Task requirements
Please set down only the lines below starting with the line with "Ванна акриловая 180х80" and going on through the line with "Citizen Promaster dykkerklokke", verbatim and without pictures.

Given records
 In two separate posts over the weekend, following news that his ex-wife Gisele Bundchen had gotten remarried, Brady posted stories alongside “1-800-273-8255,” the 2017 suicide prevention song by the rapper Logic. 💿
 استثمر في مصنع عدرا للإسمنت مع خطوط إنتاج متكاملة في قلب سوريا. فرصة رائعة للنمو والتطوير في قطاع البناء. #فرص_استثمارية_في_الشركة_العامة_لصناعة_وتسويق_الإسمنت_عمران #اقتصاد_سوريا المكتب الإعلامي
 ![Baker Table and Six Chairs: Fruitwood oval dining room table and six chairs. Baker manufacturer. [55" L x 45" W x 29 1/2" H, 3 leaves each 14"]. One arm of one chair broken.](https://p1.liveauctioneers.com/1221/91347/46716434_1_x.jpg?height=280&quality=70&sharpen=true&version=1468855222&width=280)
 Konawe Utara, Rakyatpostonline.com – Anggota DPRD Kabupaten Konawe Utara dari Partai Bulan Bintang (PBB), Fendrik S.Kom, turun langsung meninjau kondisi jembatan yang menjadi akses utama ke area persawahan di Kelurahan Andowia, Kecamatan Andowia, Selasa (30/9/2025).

==

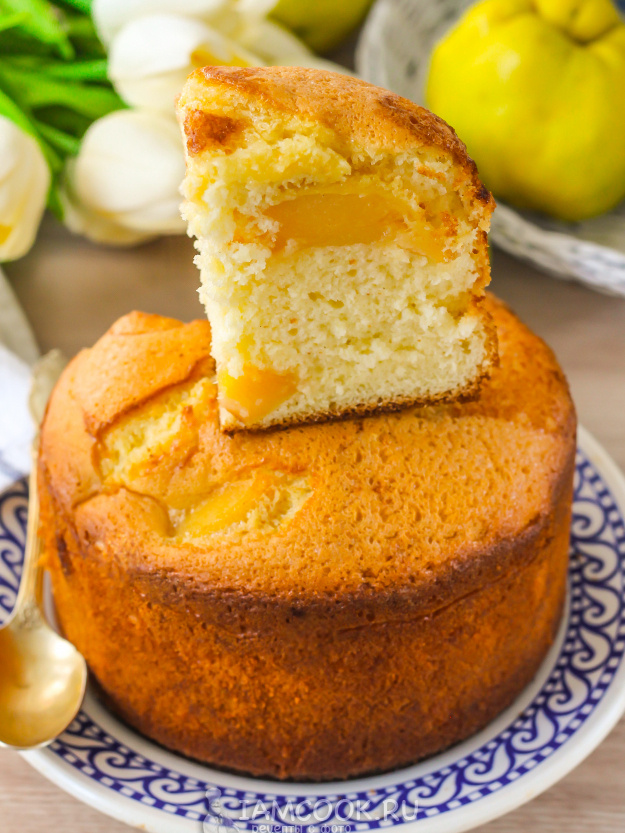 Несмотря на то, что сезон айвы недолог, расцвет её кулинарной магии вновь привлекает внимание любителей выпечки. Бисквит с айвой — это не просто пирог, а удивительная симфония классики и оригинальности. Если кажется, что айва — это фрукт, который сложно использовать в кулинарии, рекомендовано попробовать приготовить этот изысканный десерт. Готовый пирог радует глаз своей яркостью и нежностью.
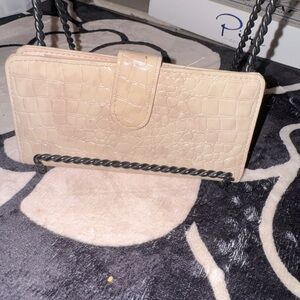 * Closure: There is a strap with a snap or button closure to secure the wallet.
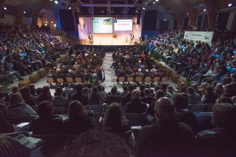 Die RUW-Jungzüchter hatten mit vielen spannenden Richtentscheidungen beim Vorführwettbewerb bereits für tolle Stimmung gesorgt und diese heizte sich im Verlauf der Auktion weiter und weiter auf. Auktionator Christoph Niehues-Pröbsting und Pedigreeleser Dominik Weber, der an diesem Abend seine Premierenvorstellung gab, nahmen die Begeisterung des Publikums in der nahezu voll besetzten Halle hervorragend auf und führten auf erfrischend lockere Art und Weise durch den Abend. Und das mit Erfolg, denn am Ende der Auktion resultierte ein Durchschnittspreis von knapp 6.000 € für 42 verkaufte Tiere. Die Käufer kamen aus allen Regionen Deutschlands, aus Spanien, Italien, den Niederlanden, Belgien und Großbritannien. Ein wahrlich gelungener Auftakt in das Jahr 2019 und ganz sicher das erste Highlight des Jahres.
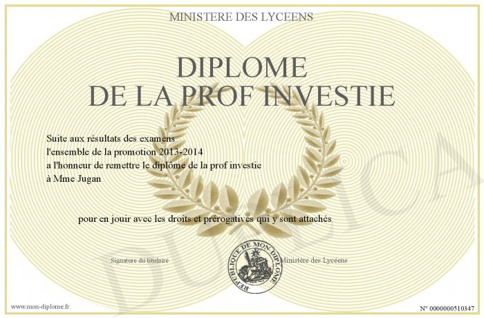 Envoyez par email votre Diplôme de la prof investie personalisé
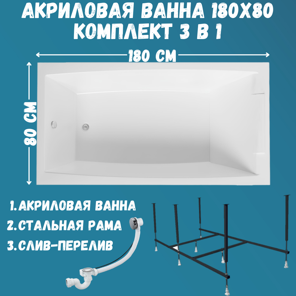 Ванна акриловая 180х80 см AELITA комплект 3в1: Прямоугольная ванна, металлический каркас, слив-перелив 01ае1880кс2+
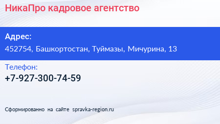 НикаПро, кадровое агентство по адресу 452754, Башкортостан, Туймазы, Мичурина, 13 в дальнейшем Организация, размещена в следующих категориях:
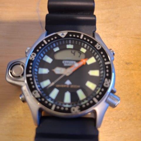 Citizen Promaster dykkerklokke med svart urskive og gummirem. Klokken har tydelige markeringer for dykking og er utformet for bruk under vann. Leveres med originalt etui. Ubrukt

Answer box
 Ванна акриловая 180х80 см AELITA комплект 3в1: Прямоугольная ванна, металлический каркас, слив-перелив 01ае1880кс2+
 НикаПро, кадровое агентство по адресу 452754, Башкортостан, Туймазы, Мичурина, 13 в дальнейшем Организация, размещена в следующих категориях:
 Citizen Promaster dykkerklokke med svart urskive og gummirem. Klokken har tydelige markeringer for dykking og er utformet for bruk under vann. Leveres med originalt etui. Ubrukt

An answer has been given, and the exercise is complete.